With this in mind, we asked Robert what he believes separates Karate from other forms of martial arts. ‘I have a lot of respect for other martial arts and what they do but I don’t think that there’s anything that is quite as varied as karate. It is such a broad martial art but doesn’t lack any of the detail. I have had experience of other martial arts and I am a firm believer that in terms of the amount you learn karate is second to none’.
Alongside a great learning experience, Karate offers many opportunities for success. We asked Robert about the team’s performance from last year and their plans to build on this for the upcoming season: ‘This season we have made remarkable progress from last. We made it to BUCS this year and competed against people who were looking to qualify for world champions. It is likely that there were future Olympians competing alongside us and we still provided good competition. We’re targeting a Roses win and are confident we can deliver that. We are also looking to put together a women’s squad for the HDKI GB 3rd annual Female-only competition’. Furthermore, we asked about his own personal highlight. ‘For me personally it has been getting back to national competitions I’ve mentioned BUCS before but to go to a competition of that level after so many years out of competing and still be competitive really was something special and an invaluable learning experience. So, for me, that would have to be the stand out moment of the year so far’.
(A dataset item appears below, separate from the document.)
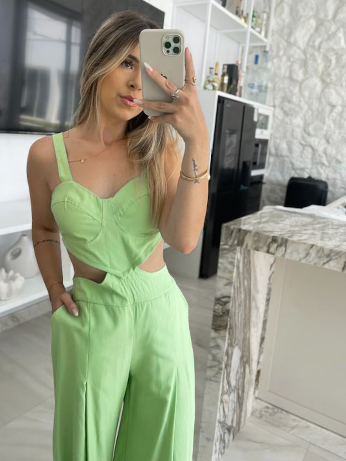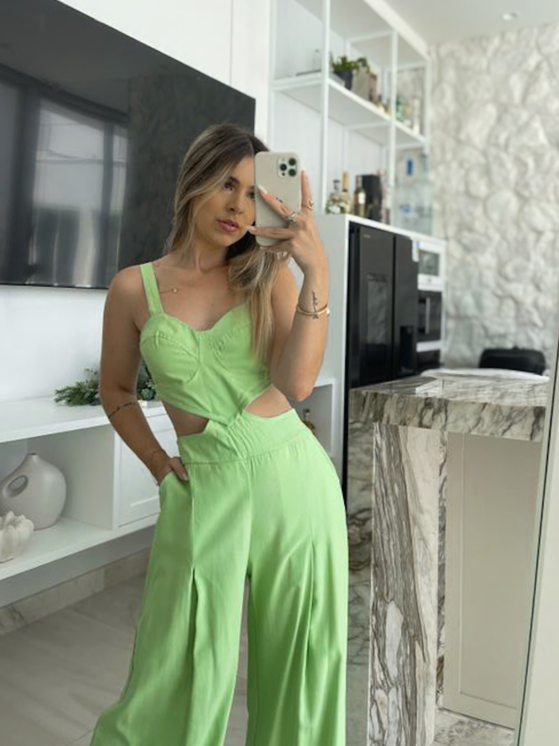 Macacão com modelagem pantalona, possui elástico na cintura, bojo e amarração na de parte de trás para melhor ajuste. Lindo e moderno um look para você arrasar.
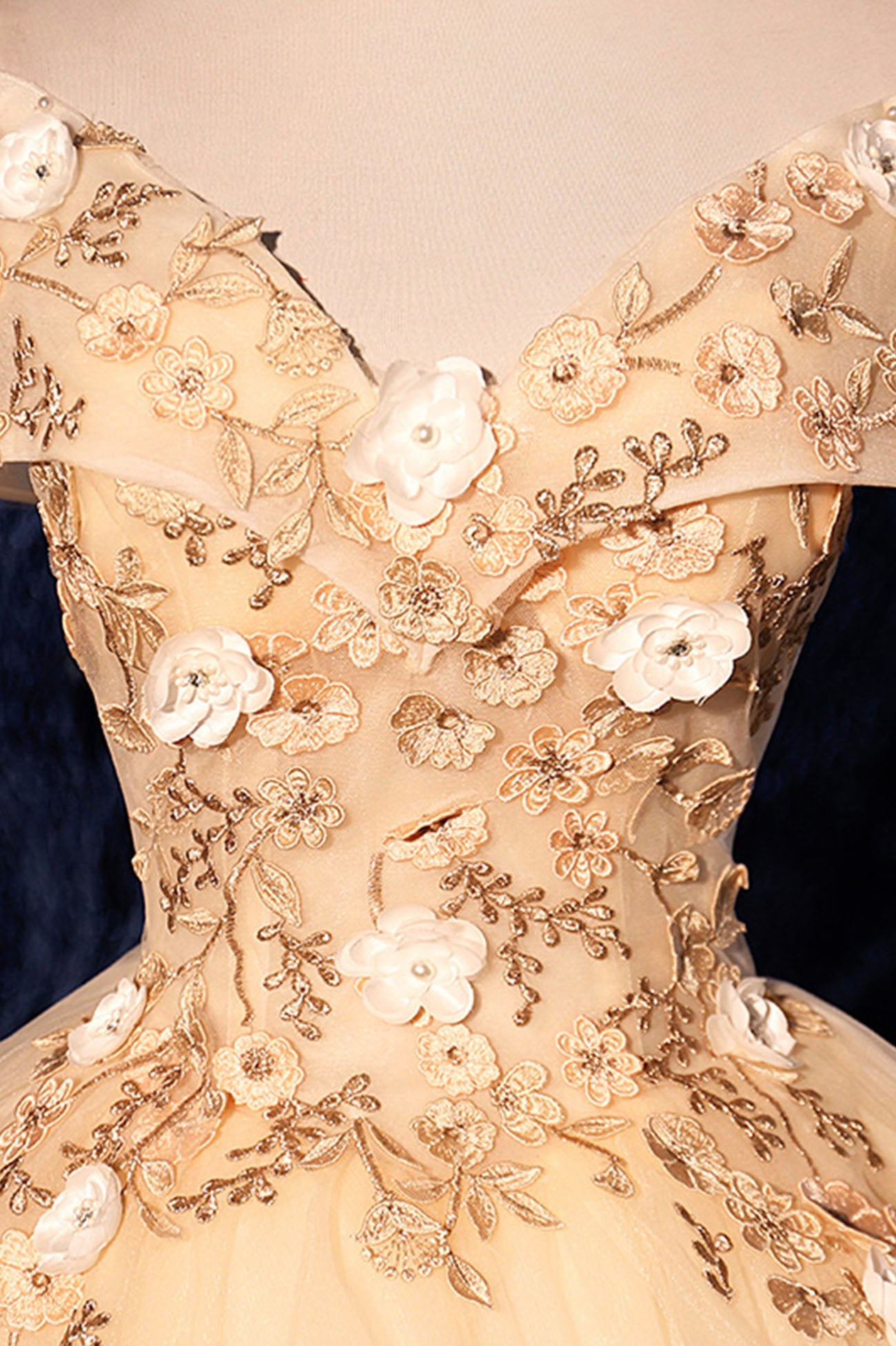 Champagne V-Neck Lace Long Ball Gown, Off the Shoulder Formal Evening Dress

The Karate team at Lancaster prides itself on being a club that leaves long lasting memories on all members, no matter your ability. When asked about this, Robert said that the club ‘Busy. We have something going on most weeks ranging from bar crawls to film nights to all you can eat Pizzetta, so again there’s socials for all tastes. The atmosphere in lessons is relaxed as well so the social side is one of the strongest parts of the society’. So not only does the society have plenty of opportunities to achieve success on the field but also offers multiple occasions to make friends and socialise.
Finally, after running through the society as a whole, we asked Robert to give a final summary of why prospective members should seriously consider making Karate their new favourite sport. ‘There’s something there for everyone regardless of ability. We have our teams for competitions and our beginners that we are guiding through the belts. We’re a really close knit and friendly society so training is always a nice place to be and something that you look forward to each week. You learn a great skill and make new friends and have a laugh whilst doing so, what could be better?’.